Let's compare the supposed girl interests with the boy interests. The following are from How to Be the Best at Everything and the Daring/Dangerous books.

Books marketed to GIRLS vs BOYS chapter topics:
How to look best in your photos/How to survive in space
How to do a perfect handstand/How to rip a phonebook in half
How to make a friendship bracelet/How to be a VIP
How to be a natural beauty/How to be a Wimbledon champion
Pressing flowers/Making a water bomb
Four Square/How to play stickball
Spanish terms of endearment/Navajo code talkers' dictionary
Making a cloth covered book/Making cloth fireproof

There is more than one problem here. The most immediate and obvious problem is how the books reinforce the strict gender roles embedded in American culture- roles that ultimately inhibit women from achieving positions of power and encourage men to be insensitive war mongers unable to communicate (except, apparently, in Navajo.) For kids these gender roles make it unacceptable for girls to join in certain sports, or for boys to touch anything pastel. How often have we heard, "No, honey, you don't want the pink one, pink is for girls." Well, sure it is, if you make it so.
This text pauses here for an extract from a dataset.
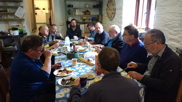 In an effort to avoid sharing my snoring with the rest I kipped in the back of the car - dark, decently comfy and quiet. Or it would have been if (I’m not making this up) John (stepmotheratomic) hadn’t woken me up at 06:45 yesterday, rummaging about in the back of his van for a Stanley knife to score the pork fat. Then BobC added insult to injury at 05:45 (!!) this morning, packing his car and departing for Cumbria. It seems I did have a close escape though. Unbeknownst to me as I was climbing into the sleeping bag last night Tuffbob was prowling the car park and mistook the lights in my car for a dogging venue ! Jeez, the things that go on in Devon …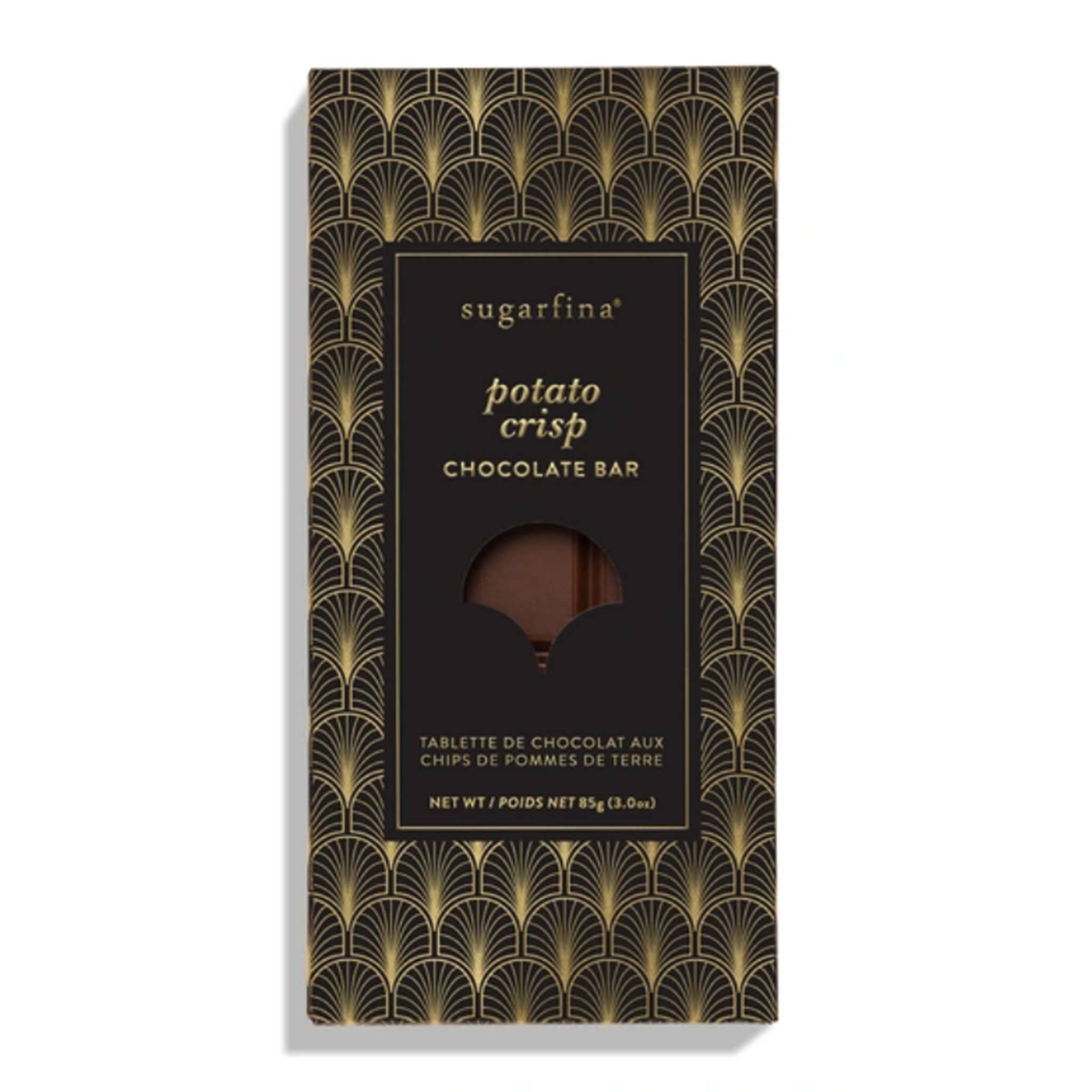 Simple yet luxurious, treat yourself to an indulgence like no other with the Potato Crisp Chocolate Bar from Sugarfina. Creamy chocolate is mixed with pieces of salted and crispy potato chips for a perfect blend of savory and sweet. One bite is never enough! Wrapped in a special navy blue and gold Art Deco holiday box, this 3 ounce gourmet chocolate bar makes the perfect Hanukkah treat or stocking stuffer. Kosher, made without GMO's and no artificial colors or flavors.

The second qualm I have with these books is that many of the topics are just for KIDS! As a fifth grade teacher in East New York, Brooklyn I will swear on For Boys Only: The Biggest, Baddest Book Ever, that boys. make. friendship bracelets. Trust me, I have a confiscated collection in my desk drawer right alongside the tech decks.
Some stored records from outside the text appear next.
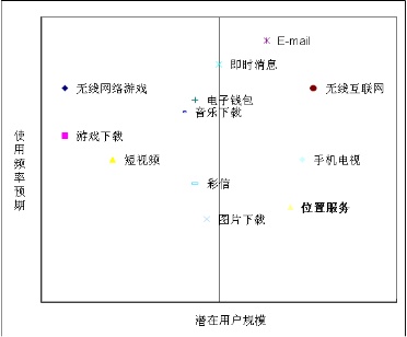 在以往對大眾用戶的調(diào)研中,位置服務(wù)通常成為用戶最感興趣的業(yè)務(wù)前三名,但是擁有龐大的潛在用戶群體只是“殺手級”應(yīng)用的一個前提條件;而另一個條件是:使用用戶要具有較高的使用頻率,這恰恰是目前的位置服務(wù)業(yè)務(wù)所不具備的。與E-mail、即時消息等業(yè)務(wù)相比,位置服務(wù)業(yè)務(wù)的使用頻率偏低,普通大眾用戶不會每天查詢所在城市的地圖、從家里去公司的路線,位置服務(wù)業(yè)務(wù)的基礎(chǔ)功能決定了用戶較低的使用頻率。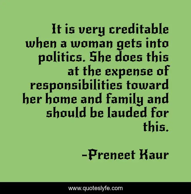 This page presents the quote "It is very creditable when a woman gets into politics. She does this at the expense of responsibilities toward her home and family and should be lauded for this.". Author of this quote is Preneet Kaur. This quote is about home, woman, family,.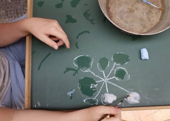 Ça y est ! Fait chaud ! Il est temps d’installer ma « table à dessin d’eau » devant le Si Tu Veux. Une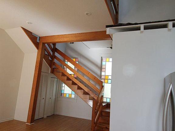 Pergola patio areaBeautiful wooden staircaseRenovated old churchStain glass windows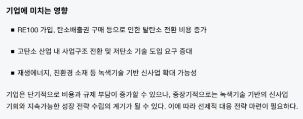 보고서는 환경 부문에서는 저탄소 경제로의 전환과 친환경 산업 육성을 중심으로 정책이 설계되고 있으며, 이러한 변화는 단기적으로 재생에너지 전환 및 저탄소 기술 도입에 따른 투자 부담을 키우고, 고탄소 산업 중심의 사업구조 전환 압박 등으로 기업의 비용 부담을 높일 것으로 전망된다. 하지만 중장기적으로는 녹색기술 기반의 신사업 기회 확대, 투자 활성화 등을 통해 지속가능한 성장과 글로벌 경쟁력 확보의 기회로 작용할 수 있을 것으로 보인다.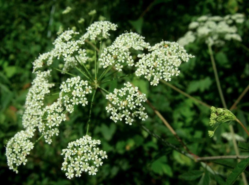Соцветия цикуты своими маленькими белыми цветочками очень напоминают дикую морковь. Чтобы не ошибиться, нужно помнить, что у дикой моркови есть крошечный красноватый цветок в самом центре кисти.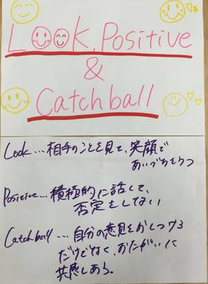 接戦の末、2015年度チーム作り講座における理想の傾聴は「Look,Positive&Catchball」になりました。以下生徒による定義になります。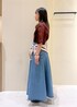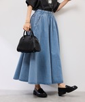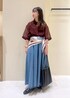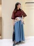 通年使えるカジュアルなデニムスカートを秋カラーでまとめたコーディネート◎ ウエストマークすることでボリュームのあるボトムスも目線を上げてスタイルアップが叶います◡̈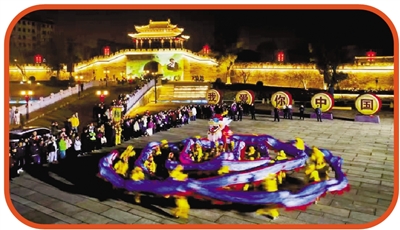 正月初六晚,在富阳新登古城,随着激昂的锣鼓声,一条长104米的“官塘青龙”在明清古城墙下腾跃起舞,绸缎龙身蜿蜒盘旋,青鳞映照的每一寸光斑皆是历史的吉光片羽。

By divvying up these activities into boys and girls we only limit what our children explore. While in theory they show a world of fun things to do, all I see is the other world the reader is being excluded from. The natural curiosity of children leads them to be interested in topics that transcend gender-specific books. Despite having kid-friendly information and design, I cannot, in good conscience, put books like these in kids' hands.

2 comments:

  1. Great post. I too have had similar thoughts about these kinds books and how they do reinforce gender roles in the eyes of the reader.

    There was a great article the other week in the NYT about same-sex parenting and how this idea of gender roles is much less prevalent in their children. It's called "The Way We Live Now." For some reason couldn't past the link here :(

    Check it out.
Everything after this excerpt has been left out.